Mataku serasa melebar mendengar pujian Gavin. Jadi dia menyukainya? Dia memuji cokelat buatanku. Kyaaa!
"Aku bikin sendiri. Senang, deh, kalau kamu suka."
"Really? Kalau gitu aku bakal makan satu hari satu cokelat aja, biar nggak cepat habis dan terus ngerasain manis hasil tangan kamu."
Astaga! Astaga! Astaga! Jantungku untung saja tidak langsung melompat keluar mendengar ucapan Gavin. Dan syukurnya lagi, badanku tidak tiba-tiba mengembang serupa balon akibat terisi gas bahagia, lalu melayang di ruangan ini.
"Aku balik kerja dulu," pamitku, lalu buru-buru kembali ke meja. Tadi, sebelum beranjak, aku sempat menangkap wajah Gavin yang semringah. Dan itu adalah hal yang indah.
Sisa waktu bekerja terasa ringan, pasalnya, aku tidak lagi memikirkan Gavin yang tampak berbeda tadi pagi. Kami sekarang sedang berjalan ke basemen, menuju mobil masing-masing. Sebenarnya ada hal yang bersemayam di pikiranku, sedikit ragu harus diutarakan sekarang atau beberapa hari lagi.
"Mau dinner dulu sebelum pulang?"
Aku menggeleng, lalu menghentikan langkah sebelum mencapai mobil. Gavin ikut-ikutan berhenti, lalu memandangku dengan satu alis terangkat.
"Mungkin ini terlalu cepat, tapi rasanya nggak ada yang salah kalau aku tahu tempat tinggal kamu, 'kan?"
Hening. Gavin tidak bereaksi, memunculkan prasangka buruk di hati. Logikanya, kami dekat, lalu apa masalahnya jika aku tahu dia tinggal di mana? Tapi selang beberapa menit dia hanya diam setelah sempat memberikan reaksi terkejut dari ekspresinya.
"Oke, lupain aja, Gavin. Masih ada banyak hari."
Aku sudah melangkah, berniat mendahuluinya karena tidak mau berpikiran semakin buruk. Sampai seseorang mencekal pergelangan tanganku, hingga akhirnya aku membalik tubuh.
"Aku cuma canggung karena tiba-tiba seorang gadis cantik mau datang ke tempat tinggalku. Ya, tentu nggak ada yang salah. Maaf kalau barusan aku buat kamu merasa aneh."

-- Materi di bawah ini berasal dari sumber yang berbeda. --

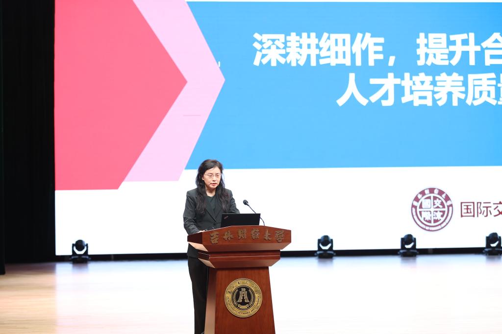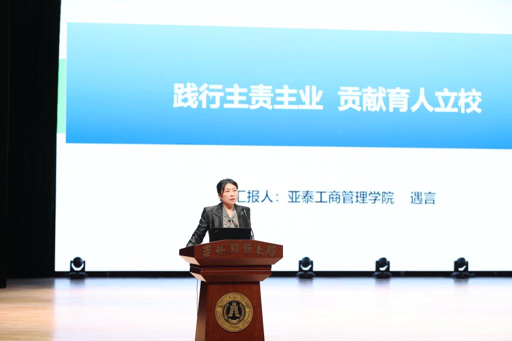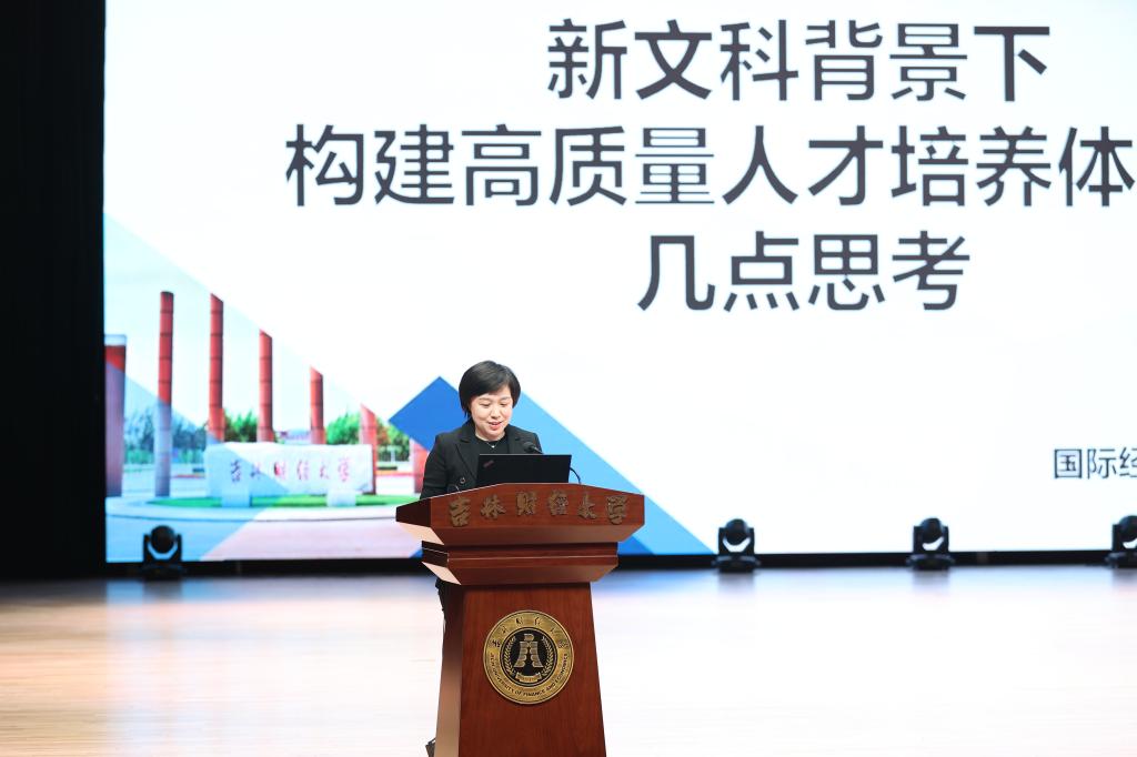 在“中国式现代化进程中的高质量财经人才培养”主题交流中,副校长马秀颖以“学科、科研、研究生教育与本科人才培养”为题目做了交流发言;副校长李宝永以“落实立德树人根本任务,做好管理服务育人工作”为题展开分享交流;副校长于金欢“以高水平教师队伍保障高质量人才培养”为主题对教师队伍建设提出工作思路;副校长王菁华以分享“本科教育教学大研讨研习心得”为出发点,指出全校上下应因势而谋、应势而动、顺势而为,大力提升本科教育教学质量;纪委书记丁庆东以“以本为本,强基铸魂”为题着重强调了本科教育的重要性和必要性;党委副书记刘鹤以“实施‘时代新人’铸魂工程,做实做强大学生思想政治工作”为主题对加强和改进思想政治工作作出详细阐述;党委副书记岳宏围绕“强化党建引领,勇于担当作为,做中国式现代化进程中的忠诚实践者”,对夯实党建工作的具体思路方法加以阐释。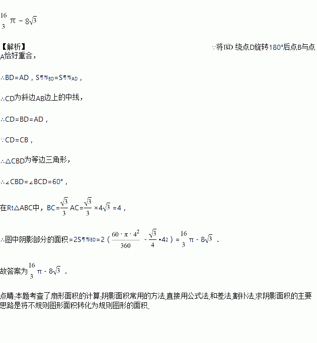如图,在Rt△ABC中,∠ACB=90°,AC=4,以点C为圆心,CB的长为半径画弧,与AB边交于点D,将绕点D旋转180°后点B与点A恰好重合,则图中阴影部分的面积为_____.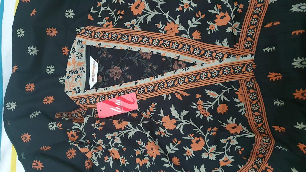 Entice The Onlookers With The Beauty Of Black With This Lovely Dress. To Make You Look Resplendent, There Is A Combination Of Maroon And White That Add Further Sheen To The Black Fabric. The Trendy V Neck Design Will Look Chic In Any Setting And You Will Surely Love The Overall Comfort Factor And Feel Of The Elegantly Crafted Dress. For The Best Effect, Pair This Up With Some Stylish Jhumka Earrings To Dazzle The Observers.

Dan yang selanjutnya terjadi adalah kami menuju kediaman Gavin. Aku terus menjaga jarak agar tetap berada di belakang mobilnya. Sesekali tersenyum jika mengingat bagaimana tadi di basemen dia menyanggupi keinginanku.
Hari hampir gelap saat kami tiba di sebuah kawasan apartemen elite. Aku menatap sekitar, keadaan sunyi, sebuah tempat nyaman setelah lelah beraktivitas selama seharian.
Tanpa membuang waktu, Gavin langsung mengajakku untuk memasuki lift. Dengan cekatan dia menekan angka-angka pada bagian depan unitnya setelah kami sampai. Kode berhasil dimasukkan, dia lantas membukakan pintu dan mempersilakan aku masuk.
Ruangan ini sepi, tidak ada tanda-tanda kehadiran orang lain. Dan aku menyadari, bahwa kami memang berdua saja di sini. Karena tadi semua sudut gelap, sampai akhirnya Gavin sendiri yang menyalakan lampu. Aku mulai gugup, hingga tak berani beranjak, dan tetap berdiri di dekat pintu.
"Kamu tinggal sendirian?" tanyaku setelah menetralkan detakan di dada.
"Ya, kamu mau menginap?" Jantungku langsung berdebar kencang, meski Gavin menambahkan dengan kalimat, "Di sini ada dua kamar."